Task directions:
Every line below should be copied exactly; drop the pictures.

Task data:
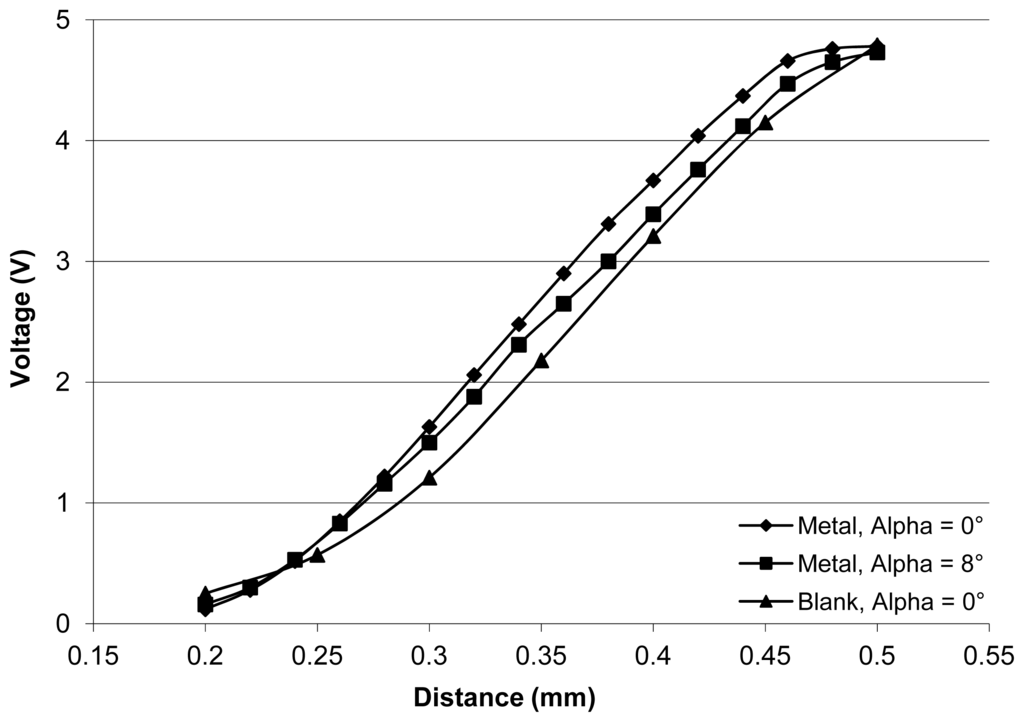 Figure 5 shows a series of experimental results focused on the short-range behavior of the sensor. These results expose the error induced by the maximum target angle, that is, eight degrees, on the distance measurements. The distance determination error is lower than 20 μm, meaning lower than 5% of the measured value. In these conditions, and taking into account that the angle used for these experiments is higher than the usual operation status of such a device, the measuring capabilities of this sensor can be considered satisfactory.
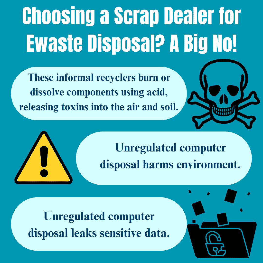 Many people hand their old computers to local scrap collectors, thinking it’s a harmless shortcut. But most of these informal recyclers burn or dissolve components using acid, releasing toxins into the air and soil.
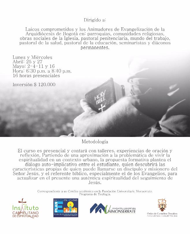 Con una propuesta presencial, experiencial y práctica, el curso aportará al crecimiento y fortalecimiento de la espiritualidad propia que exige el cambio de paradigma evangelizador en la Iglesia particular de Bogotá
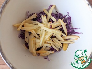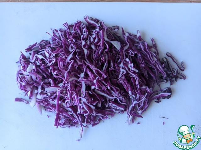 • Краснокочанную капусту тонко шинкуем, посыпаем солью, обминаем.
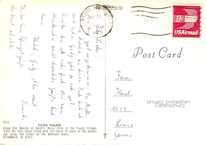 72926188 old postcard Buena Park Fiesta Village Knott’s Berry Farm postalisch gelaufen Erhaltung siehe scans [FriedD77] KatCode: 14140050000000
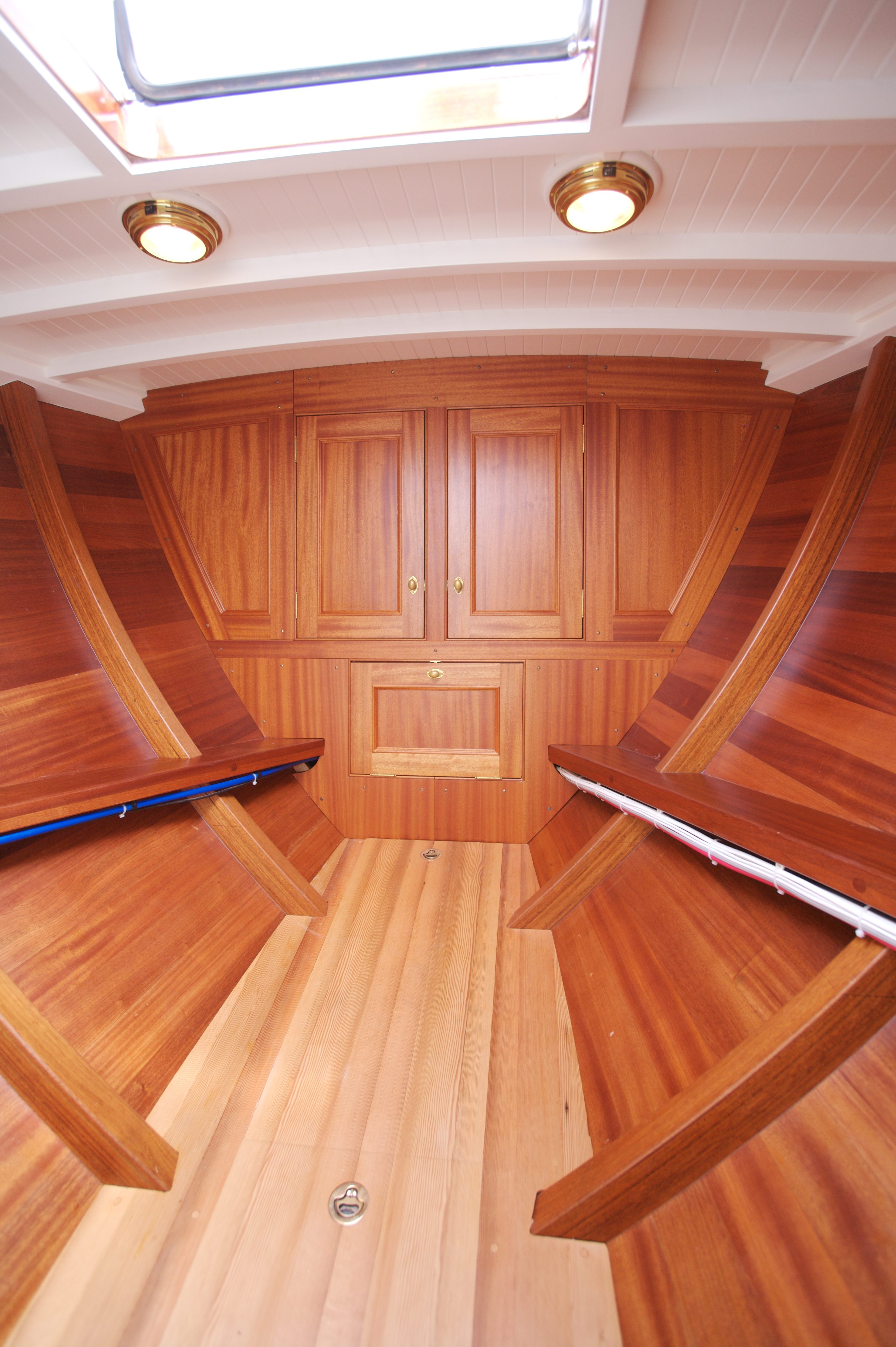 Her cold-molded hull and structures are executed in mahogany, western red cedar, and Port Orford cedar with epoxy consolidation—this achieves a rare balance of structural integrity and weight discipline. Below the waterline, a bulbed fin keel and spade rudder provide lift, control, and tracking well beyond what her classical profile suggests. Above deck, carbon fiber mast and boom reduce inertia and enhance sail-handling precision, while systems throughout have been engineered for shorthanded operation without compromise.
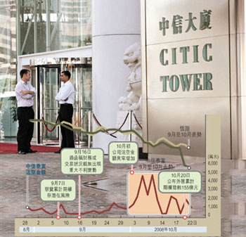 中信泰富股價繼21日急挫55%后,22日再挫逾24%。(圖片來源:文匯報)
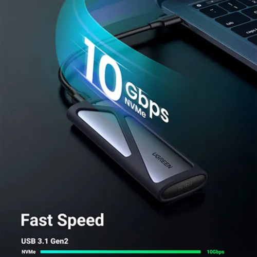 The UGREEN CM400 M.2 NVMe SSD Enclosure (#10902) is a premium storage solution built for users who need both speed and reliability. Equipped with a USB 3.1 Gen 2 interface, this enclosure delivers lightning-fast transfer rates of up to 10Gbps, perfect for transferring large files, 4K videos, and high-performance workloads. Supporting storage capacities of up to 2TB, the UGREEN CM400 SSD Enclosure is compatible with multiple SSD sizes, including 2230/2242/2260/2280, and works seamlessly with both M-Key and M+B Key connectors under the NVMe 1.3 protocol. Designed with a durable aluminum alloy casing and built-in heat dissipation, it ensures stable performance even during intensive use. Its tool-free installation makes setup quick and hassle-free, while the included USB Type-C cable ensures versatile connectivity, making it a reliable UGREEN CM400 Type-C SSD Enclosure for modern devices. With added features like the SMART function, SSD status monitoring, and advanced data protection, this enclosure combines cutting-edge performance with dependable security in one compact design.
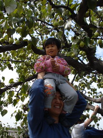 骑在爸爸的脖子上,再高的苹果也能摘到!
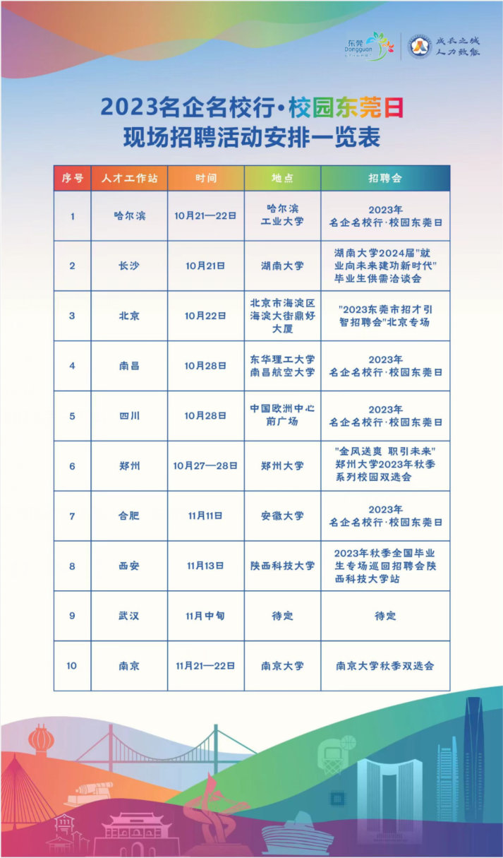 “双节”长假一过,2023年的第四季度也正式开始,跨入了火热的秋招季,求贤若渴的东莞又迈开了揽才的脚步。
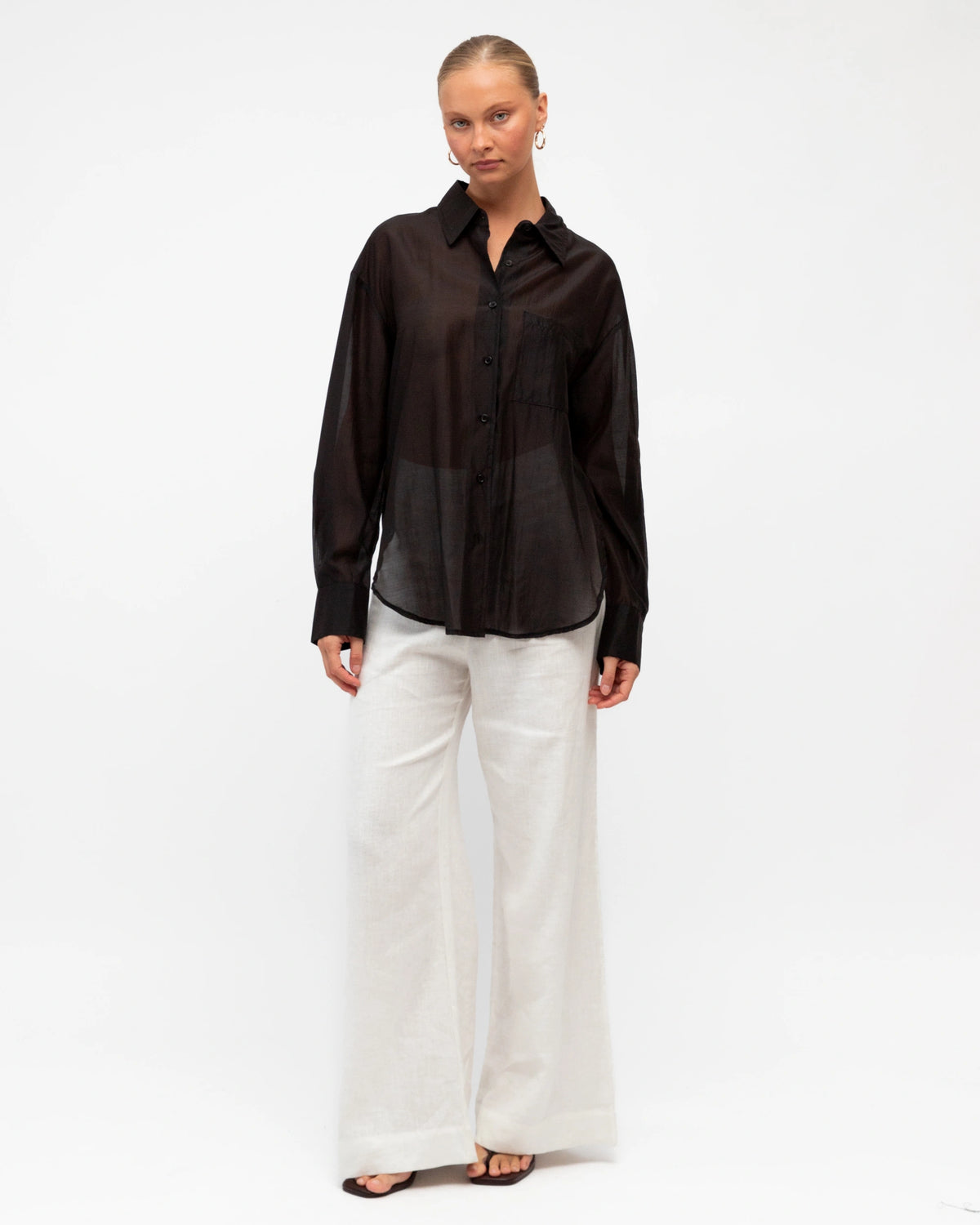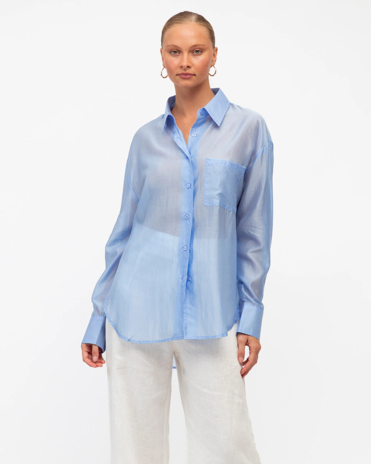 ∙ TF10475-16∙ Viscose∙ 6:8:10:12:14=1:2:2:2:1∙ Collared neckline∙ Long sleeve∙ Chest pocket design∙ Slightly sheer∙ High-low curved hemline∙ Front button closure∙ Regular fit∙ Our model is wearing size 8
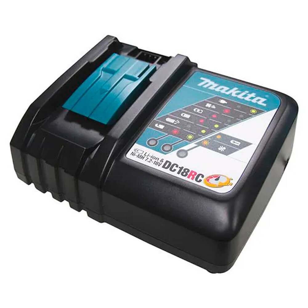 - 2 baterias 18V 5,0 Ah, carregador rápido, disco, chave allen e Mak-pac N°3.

Written solution:
 Figure 5 shows a series of experimental results focused on the short-range behavior of the sensor. These results expose the error induced by the maximum target angle, that is, eight degrees, on the distance measurements. The distance determination error is lower than 20 μm, meaning lower than 5% of the measured value. In these conditions, and taking into account that the angle used for these experiments is higher than the usual operation status of such a device, the measuring capabilities of this sensor can be considered satisfactory.
 Many people hand their old computers to local scrap collectors, thinking it’s a harmless shortcut. But most of these informal recyclers burn or dissolve components using acid, releasing toxins into the air and soil.
 Con una propuesta presencial, experiencial y práctica, el curso aportará al crecimiento y fortalecimiento de la espiritualidad propia que exige el cambio de paradigma evangelizador en la Iglesia particular de Bogotá
 • Краснокочанную капусту тонко шинкуем, посыпаем солью, обминаем.
 72926188 old postcard Buena Park Fiesta Village Knott’s Berry Farm postalisch gelaufen Erhaltung siehe scans [FriedD77] KatCode: 14140050000000
 Her cold-molded hull and structures are executed in mahogany, western red cedar, and Port Orford cedar with epoxy consolidation—this achieves a rare balance of structural integrity and weight discipline. Below the waterline, a bulbed fin keel and spade rudder provide lift, control, and tracking well beyond what her classical profile suggests. Above deck, carbon fiber mast and boom reduce inertia and enhance sail-handling precision, while systems throughout have been engineered for shorthanded operation without compromise.
 中信泰富股價繼21日急挫55%后,22日再挫逾24%。(圖片來源:文匯報)
 The UGREEN CM400 M.2 NVMe SSD Enclosure (#10902) is a premium storage solution built for users who need both speed and reliability. Equipped with a USB 3.1 Gen 2 interface, this enclosure delivers lightning-fast transfer rates of up to 10Gbps, perfect for transferring large files, 4K videos, and high-performance workloads. Supporting storage capacities of up to 2TB, the UGREEN CM400 SSD Enclosure is compatible with multiple SSD sizes, including 2230/2242/2260/2280, and works seamlessly with both M-Key and M+B Key connectors under the NVMe 1.3 protocol. Designed with a durable aluminum alloy casing and built-in heat dissipation, it ensures stable performance even during intensive use. Its tool-free installation makes setup quick and hassle-free, while the included USB Type-C cable ensures versatile connectivity, making it a reliable UGREEN CM400 Type-C SSD Enclosure for modern devices. With added features like the SMART function, SSD status monitoring, and advanced data protection, this enclosure combines cutting-edge performance with dependable security in one compact design.
 骑在爸爸的脖子上,再高的苹果也能摘到!
 “双节”长假一过,2023年的第四季度也正式开始,跨入了火热的秋招季,求贤若渴的东莞又迈开了揽才的脚步。
 ∙ TF10475-16∙ Viscose∙ 6:8:10:12:14=1:2:2:2:1∙ Collared neckline∙ Long sleeve∙ Chest pocket design∙ Slightly sheer∙ High-low curved hemline∙ Front button closure∙ Regular fit∙ Our model is wearing size 8
 - 2 baterias 18V 5,0 Ah, carregador rápido, disco, chave allen e Mak-pac N°3.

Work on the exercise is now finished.